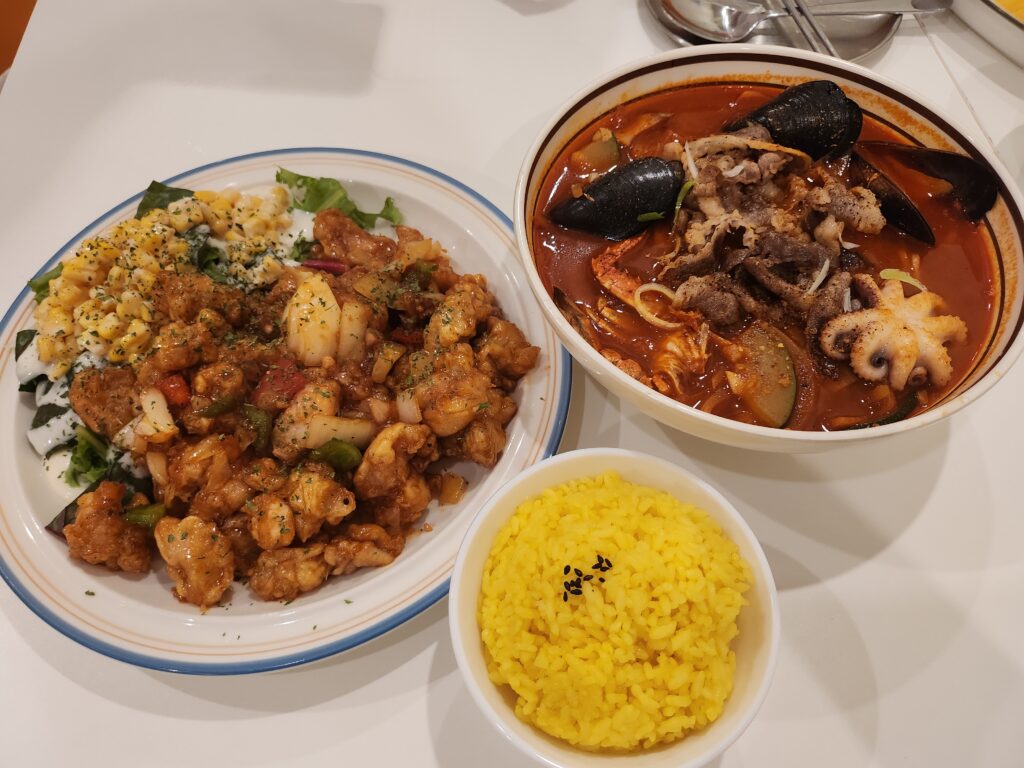 저희가 고민 끝 주문했던 메뉴는 차돌해물짬뽕과 깐풍기&샐러드 메뉴였는데, 공기밥은 개인적으로 담는 형태가 아닌 주문을 하면 가져다주는 형태로 운영이 되고 있었습니다.
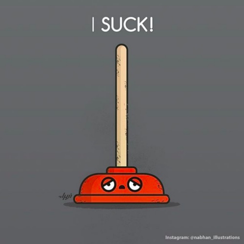 「I SUCK!」負責清理堵塞的馬桶吸盤,他的人生真的是很悲慘又糟糕,不僅要吸掉阻塞物,還人人見了都嫌噁心討厭。
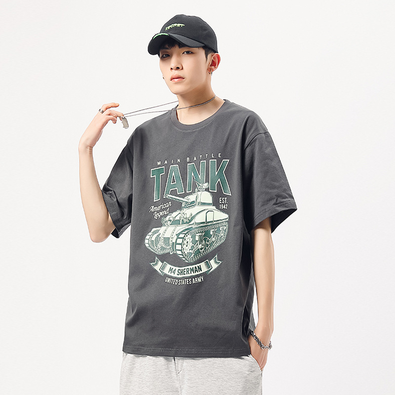 厂家直销批发100%纯棉短袖T恤男装日系夏季坦克印花半袖上衣体恤
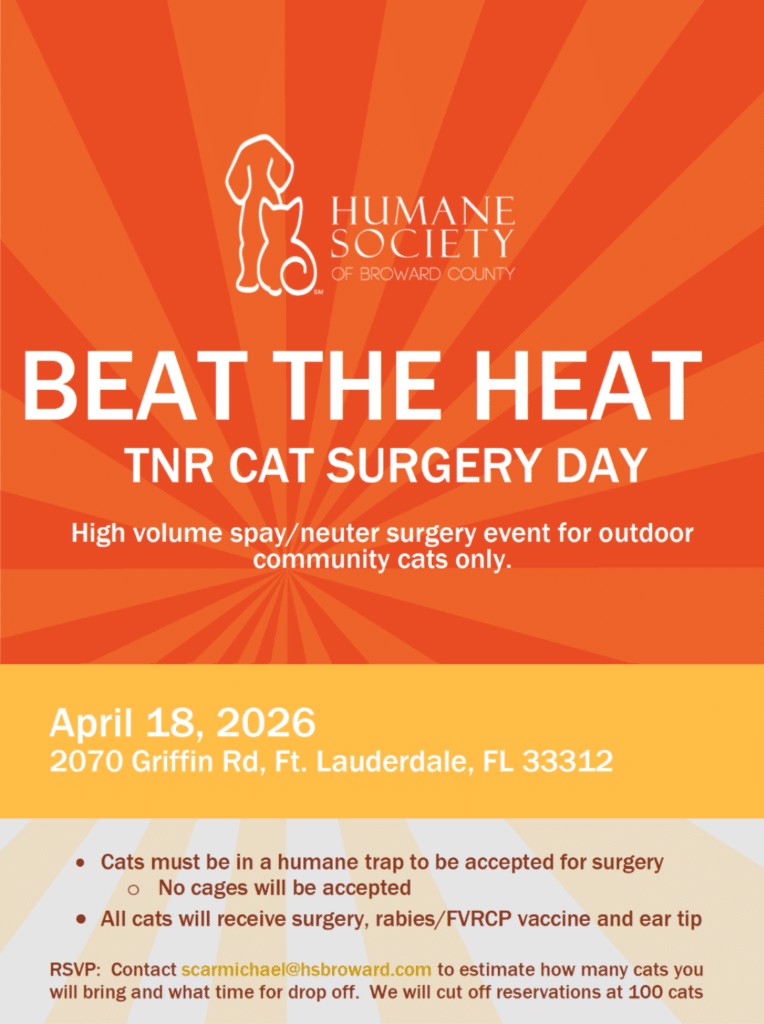 The Humane Society of Broward County continually emphasizes the importance of spaying and neutering to combat pet overpopulation. A significant portion of our resources is dedicated to these procedures for shelter animals.
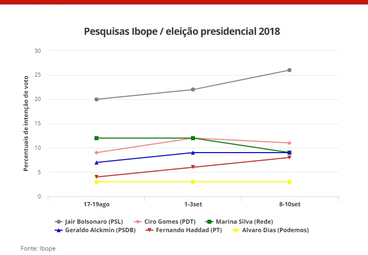 O Ibope divulgou nesta terça-feira (11) o resultado da mais recente pesquisa de intenção de voto na eleição presidencial. Os resultados foram os seguintes:
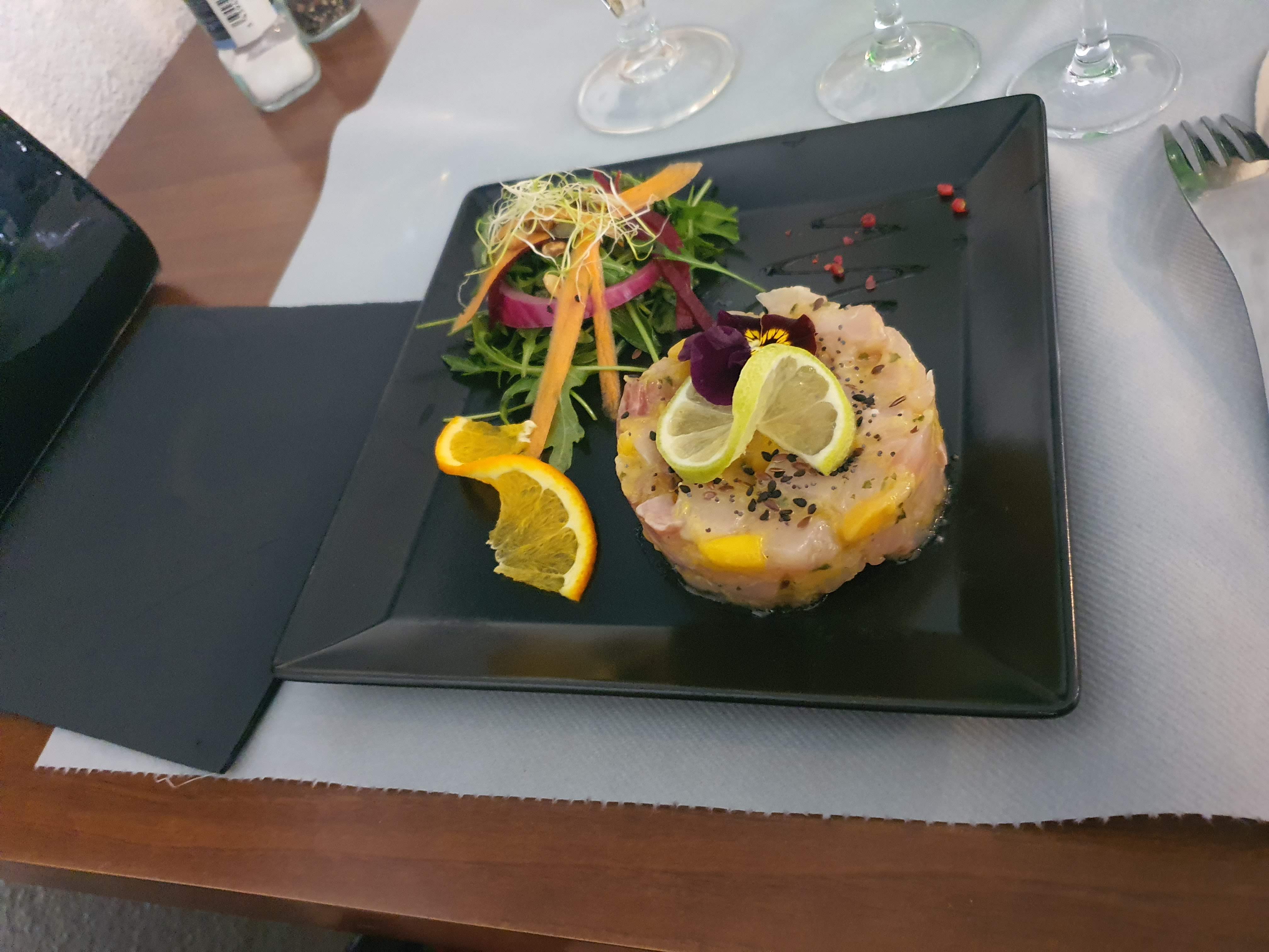 Personnel aux petits soins et qui sait vous donner envie des plats à chaque explication. N'hésitez pas à leur demander la description de la carte. On a pris le premier menu à 27,80 €. Très goûtu. Belle présentation. Beaucoup de saveurs et des mets qui changent (espadon pour la pêche du jour avec de la mangue entre autre). La photo est l'entrée : tataki de thon. Tout est fait maison et ça se ressent. C'est un 10/10 pour nous. Je recommande donc vivement !
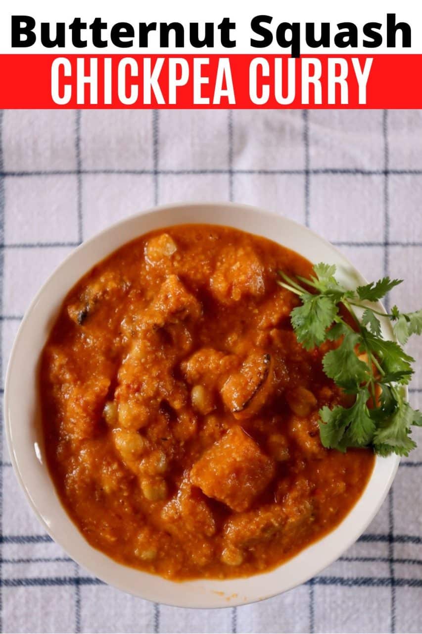 Butternut Squash Chickpea Curry is our favourite Indian vegan stew to serve for dinner on Meatless Mondays.
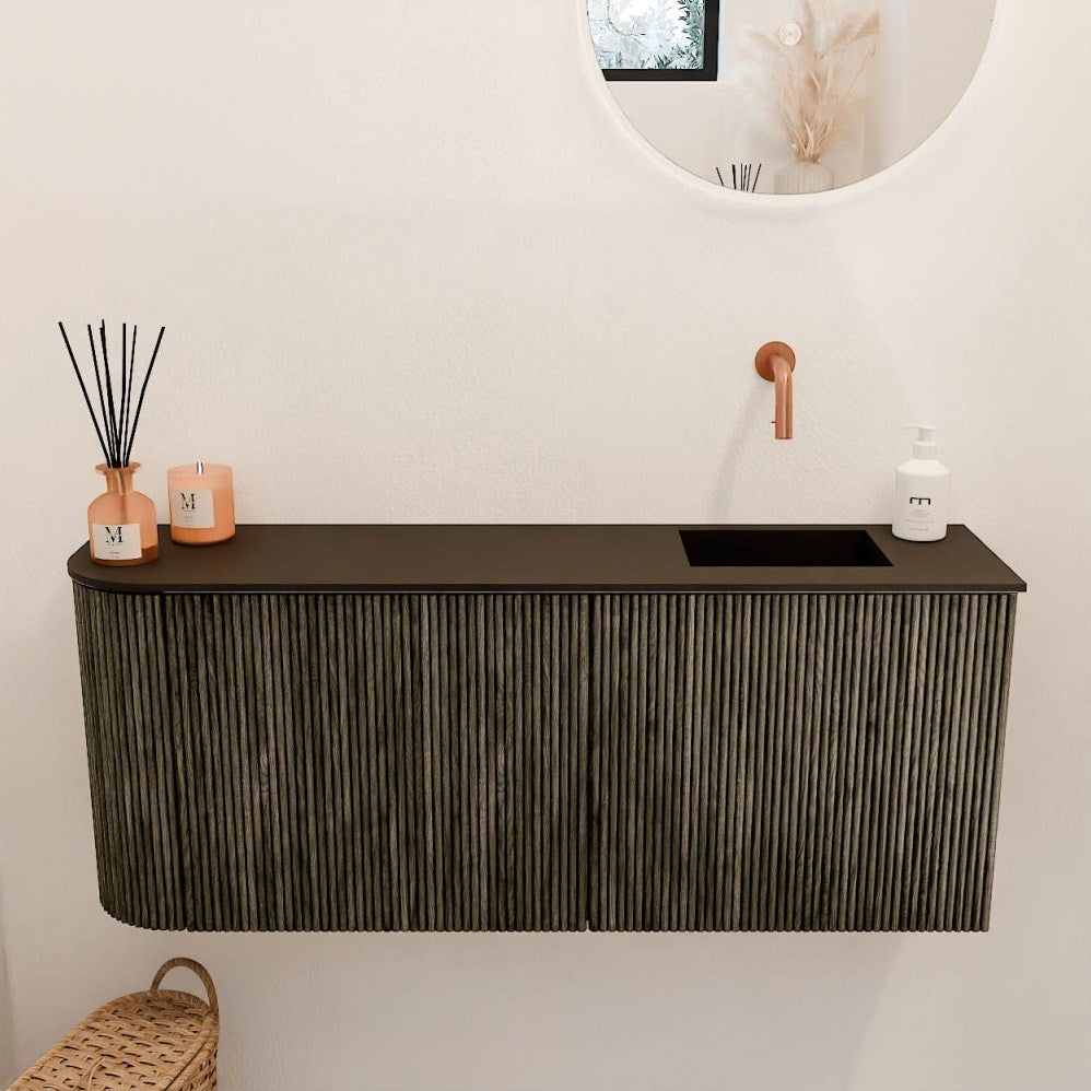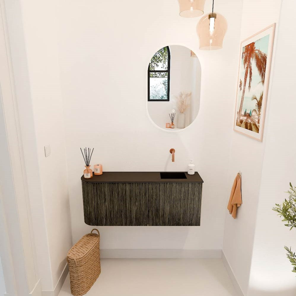 JOYA 101,6cm toiletmeubel ronding links kleur Shadow. Wastafel FAYE positie Rechts Zonder kraangat kleur Urban.
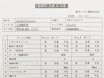 工事終了後、1週間から10日で写真報告書をご提出。これをしっかり次のポンプ交換まで保管していただきます。
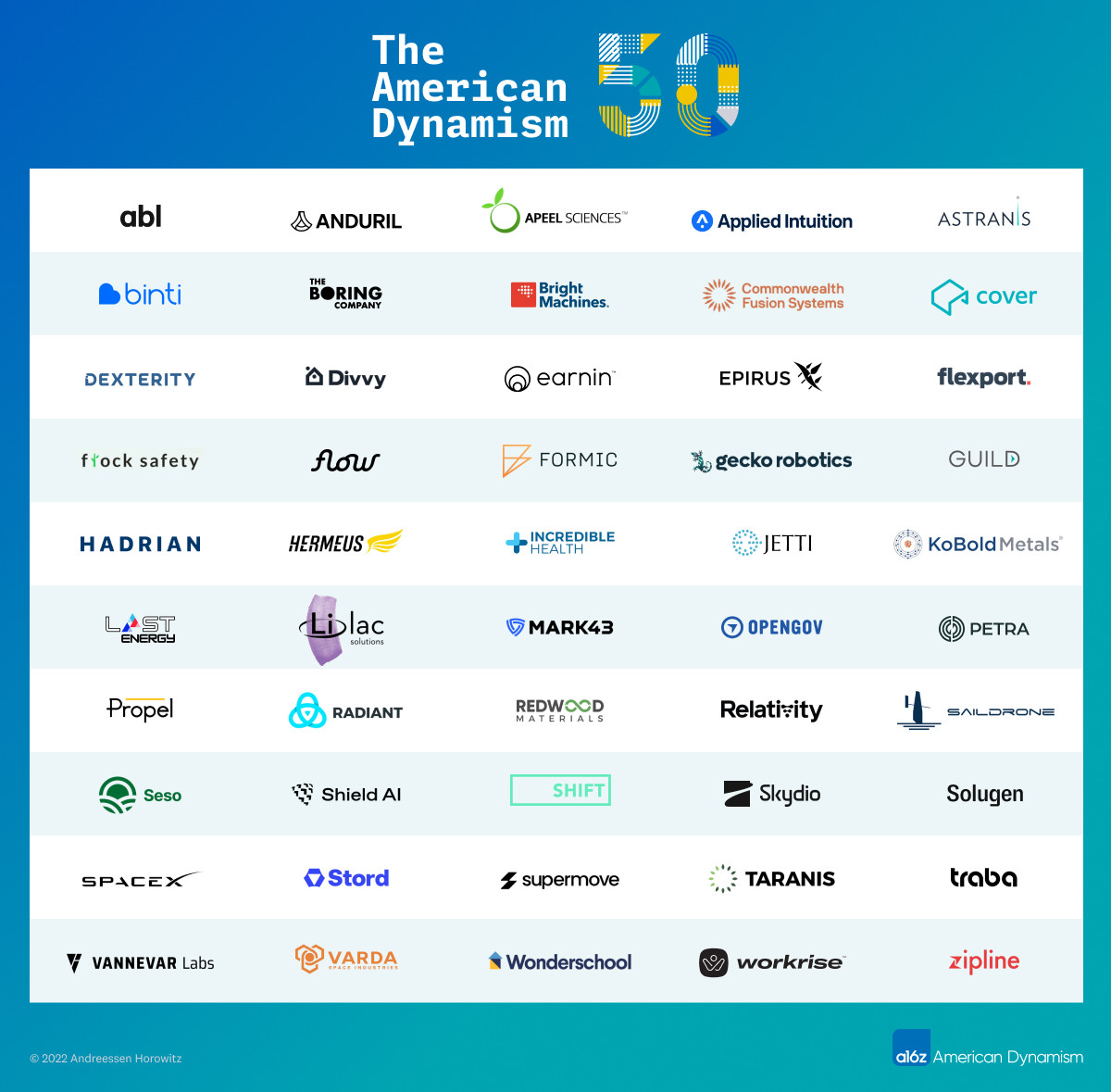 These startups are tackling some of the nation's most pressing challenges β and pioneering new technologies in the process: a16z.com/american-dynamism-50/
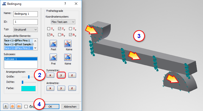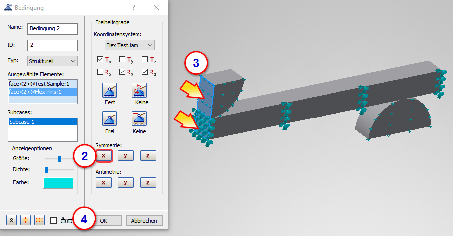 Zur Verkürzung der Simulationszeit verwenden wir die Viertelsymmetrie des Modells.
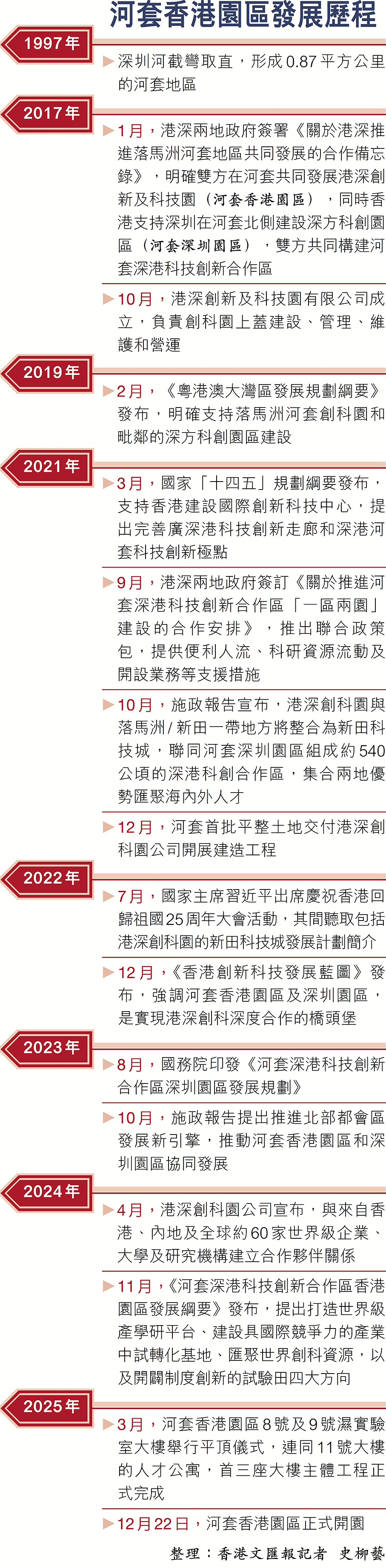 他強調,河套香港園區作為「特區中的特區」,兼具「一國兩制」的制度優勢及「國內境外」的獨特條件,是政策創新與試驗改革的最佳地點,特區政府會善用香港與國際接軌的優勢,推動及優化匯聚全球創科資源和人才的措施,提升園區國際吸引力和發展活力。
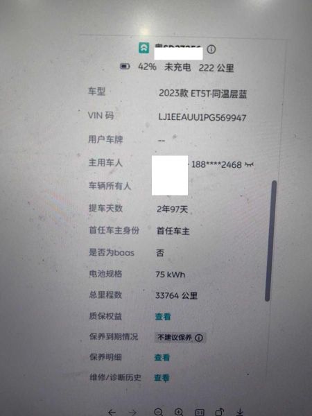 初次登记日期 2023-10-13 车辆名称 蔚来ET5T
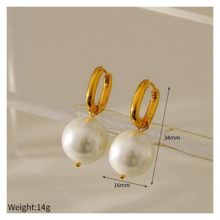 Gold Plating S.Steel and Shell Bead Pearls Earrings
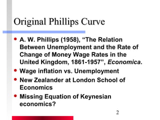 This document summarizes key concepts relating to output, inflation, and unemployment from chapters in an intermediate macroeconomics textbook. It discusses the original Phillips curve developed by A.W. Phillips showing the relationship between wage inflation and unemployment. It then covers Milton Friedman's natural rate theory which argues that in the long run, real variables like employment are determined by real factors, not monetary factors. The document also discusses how expectations of future inflation can shift the short-run Phillips curve and the policy implications of these concepts.
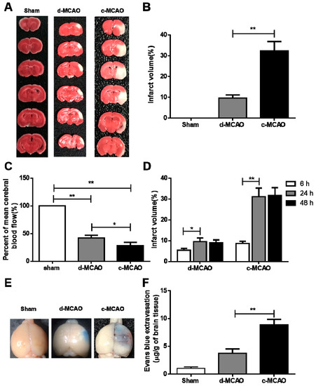 Comparison of the severity of ischemic strokes induced by d-MCAO and c-MCAO. Wild-type (WT) hamsters were subjected to d-MCAO and c-MCAO for 24 h.(A) Representative images of six coronal brain sections stained with 2, 3, 5-triphenyltetrazolium chloride (TTC) staining. (B) Quantification of the infarct volumes in Sham, d-MCAO, and c-MCAO from (A) (n = 6/group). (C) Measurement of cerebral blood flow after ischemia by laser Doppler transducer (n = 6–8/group). (D) Time course analysis of infarct volume in ischemic hamsters induced by d-MCAO and c-MCAO (n = 6–8/group). (E) Representative images of the Evan’s blue (EB)-stained whole brains in sham, d-MCAO, and c-MCAO group. (F) Quantification of the Evan’s blue extravasation; data are expressed as mean ± SD. * p < 0.05; ** p < 0.01 versus sham group.
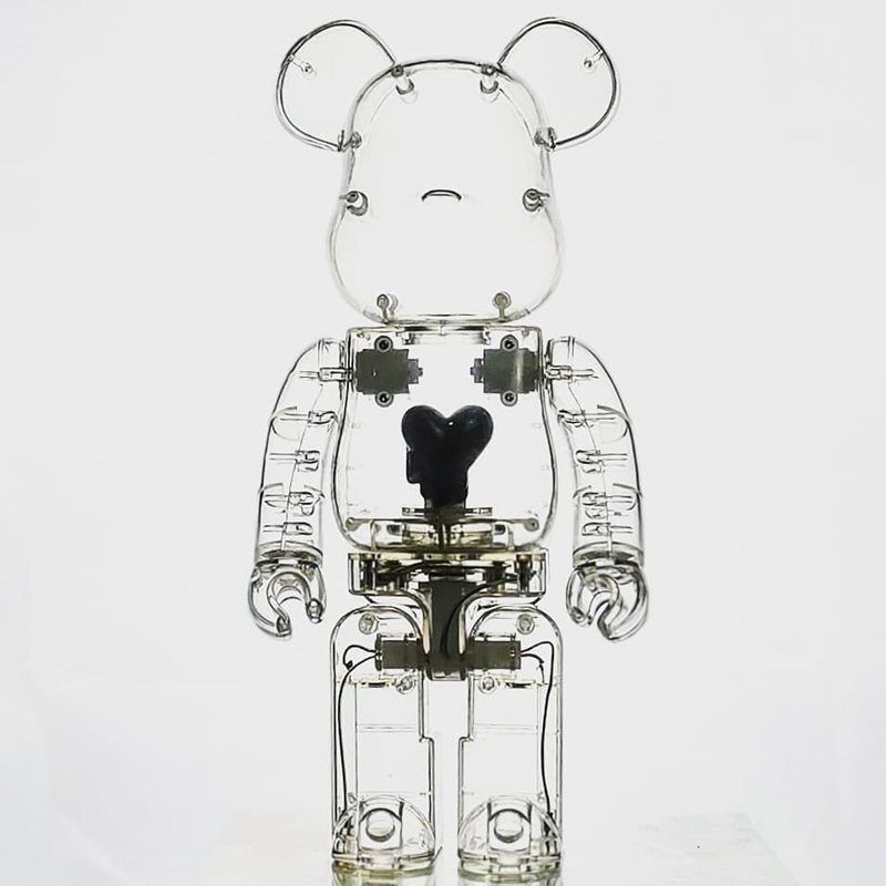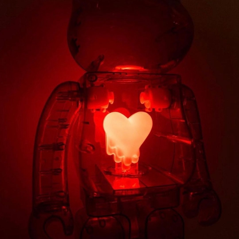 整体透明的 BE@RBRICK 造型与 “千秋款” 极为相似,正中央添加一颗黑色的融化爱心造型,视觉效果相当醒目,并且接电后可以作为台灯使用,由于是展会限定的缘故,目前 1000% 的市场价接近 ¥30000 元左右。

# # #

Drop every picture, then write out the remaining entries above exactly as they appear.

### PROBLEM SOLUTION
 저희가 고민 끝 주문했던 메뉴는 차돌해물짬뽕과 깐풍기&샐러드 메뉴였는데, 공기밥은 개인적으로 담는 형태가 아닌 주문을 하면 가져다주는 형태로 운영이 되고 있었습니다.
 「I SUCK!」負責清理堵塞的馬桶吸盤,他的人生真的是很悲慘又糟糕,不僅要吸掉阻塞物,還人人見了都嫌噁心討厭。
 厂家直销批发100%纯棉短袖T恤男装日系夏季坦克印花半袖上衣体恤
 The Humane Society of Broward County continually emphasizes the importance of spaying and neutering to combat pet overpopulation. A significant portion of our resources is dedicated to these procedures for shelter animals.
 O Ibope divulgou nesta terça-feira (11) o resultado da mais recente pesquisa de intenção de voto na eleição presidencial. Os resultados foram os seguintes:
 Personnel aux petits soins et qui sait vous donner envie des plats à chaque explication. N'hésitez pas à leur demander la description de la carte. On a pris le premier menu à 27,80 €. Très goûtu. Belle présentation. Beaucoup de saveurs et des mets qui changent (espadon pour la pêche du jour avec de la mangue entre autre). La photo est l'entrée : tataki de thon. Tout est fait maison et ça se ressent. C'est un 10/10 pour nous. Je recommande donc vivement !
 Butternut Squash Chickpea Curry is our favourite Indian vegan stew to serve for dinner on Meatless Mondays.
 JOYA 101,6cm toiletmeubel ronding links kleur Shadow. Wastafel FAYE positie Rechts Zonder kraangat kleur Urban.
 工事終了後、1週間から10日で写真報告書をご提出。これをしっかり次のポンプ交換まで保管していただきます。
 These startups are tackling some of the nation's most pressing challenges β and pioneering new technologies in the process: a16z.com/american-dynamism-50/
 Zur Verkürzung der Simulationszeit verwenden wir die Viertelsymmetrie des Modells.
 他強調,河套香港園區作為「特區中的特區」,兼具「一國兩制」的制度優勢及「國內境外」的獨特條件,是政策創新與試驗改革的最佳地點,特區政府會善用香港與國際接軌的優勢,推動及優化匯聚全球創科資源和人才的措施,提升園區國際吸引力和發展活力。
 初次登记日期 2023-10-13 车辆名称 蔚来ET5T
 Gold Plating S.Steel and Shell Bead Pearls Earrings
 This document summarizes key concepts relating to output, inflation, and unemployment from chapters in an intermediate macroeconomics textbook. It discusses the original Phillips curve developed by A.W. Phillips showing the relationship between wage inflation and unemployment. It then covers Milton Friedman's natural rate theory which argues that in the long run, real variables like employment are determined by real factors, not monetary factors. The document also discusses how expectations of future inflation can shift the short-run Phillips curve and the policy implications of these concepts.
 Comparison of the severity of ischemic strokes induced by d-MCAO and c-MCAO. Wild-type (WT) hamsters were subjected to d-MCAO and c-MCAO for 24 h.(A) Representative images of six coronal brain sections stained with 2, 3, 5-triphenyltetrazolium chloride (TTC) staining. (B) Quantification of the infarct volumes in Sham, d-MCAO, and c-MCAO from (A) (n = 6/group). (C) Measurement of cerebral blood flow after ischemia by laser Doppler transducer (n = 6–8/group). (D) Time course analysis of infarct volume in ischemic hamsters induced by d-MCAO and c-MCAO (n = 6–8/group). (E) Representative images of the Evan’s blue (EB)-stained whole brains in sham, d-MCAO, and c-MCAO group. (F) Quantification of the Evan’s blue extravasation; data are expressed as mean ± SD. * p < 0.05; ** p < 0.01 versus sham group.
 整体透明的 BE@RBRICK 造型与 “千秋款” 极为相似,正中央添加一颗黑色的融化爱心造型,视觉效果相当醒目,并且接电后可以作为台灯使用,由于是展会限定的缘故,目前 1000% 的市场价接近 ¥30000 元左右。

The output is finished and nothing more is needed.